Conversely, population estimates in all established, inner and middle metropolitan local government areas have been adjusted further downwards, dispelling the assumption of continued, consistent growth otherwise applied to justify housing policy frameworks, service planning, and infrastructure investment.

Combined with the take-up of technology, including online retail, telehealth, and remote work, this new reality has been foisted upon the agencies responsible for planning for and providing the necessary social and physical infrastructure for our communities. At the very least, the growth assumptions relied upon by these agencies should be reviewed as a matter of priority.

Rise of the Millennials

Recent Covid-inspired relocations aside, emergent population trends signal the arrival of a new chapter in the nation’s ongoing demographic story, with the headline being the significant growth in the number of 35-44-year-olds.

As the age group in which family formation is greatest, and with a strong preference for detached dwellings, it is the 35-44-year-old cohort that will generate the greatest demand for housing in coming years.

Annual Population Growth by Age Cohort 2023-2027 (Australia)
Source: Quantify Strategic Insights; ABS
Keeping the Dream Alive

Encompassing a significant portion of the Millennial generation, where, how, and in what, the 35-44-year-old cohort will choose to live, is a defining question for contemporary Australian society. Few, if any social surveys will reveal as much about the direction of the nation, as the collective choices of the Millennial cohort in deciding whether to remain propertyless, lifelong renters, or pursue the great Australian dream, increasingly, somewhere in the regions. Representing the highest proportion of regional movers in the 12 months to March, for many Millennials, the dream remains well and truly alive.

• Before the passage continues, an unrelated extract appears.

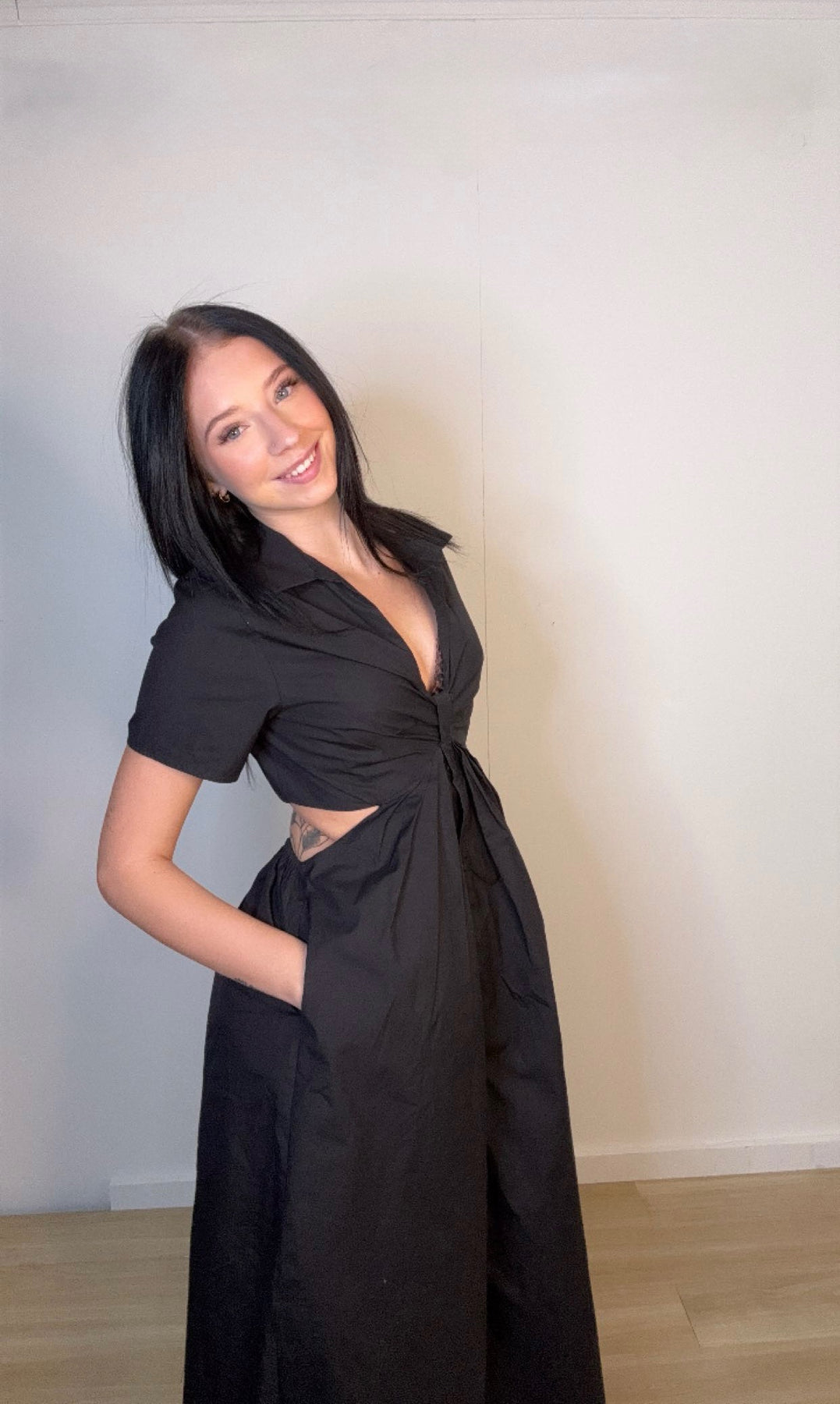 This midnight dress features a collared button down design with black short sleeves, adding a touch of elegance and sophistication. The cut outs provide a playful, yet subtle reveal, making this dress perfect for a night out. The flowy fabric adds comfort and effortless movement!

In an already highly concentrated nation, the vast majority of Victoria’s population – heading towards 80% – resides within the boundary of metropolitan Melbourne. Whatever benefits this unique spatial phenomenon is deemed to deliver, improving deteriorating affordability, has not been one of them.

Opportunity Abounds

Multiple parliamentary inquiries, various Federal and state government incentives, monetary policy, and strategic planning frameworks have all failed to solve the affordability problem. An accident of the pandemic, together with a structural-demographic shift has however presented a genuine opportunity in which practical improvement to the housing quandary can be achieved.

The continued convergence of health, demographic and economic factors will see non-metropolitan locations become increasingly attractive places to live, particularly for the family-forming Millennial cohort. A coherent, tailored policy response that closely monitors key demand drivers with the express purpose to ensure the delivery of the requisite supply of housing in the many, increasingly popular sub-markets across the state, is crucial to enabling this.

Criticised for their prolonged adolescence, brunch options, and all-around lifestyle choices, younger Australians maintain an overriding aspiration for home ownership. If in the aftermath of the COVID-19 pandemic, the new reality presents a genuine opportunity to practically address the calamitous state of housing affordability, then surely, we are obliged to facilitate it.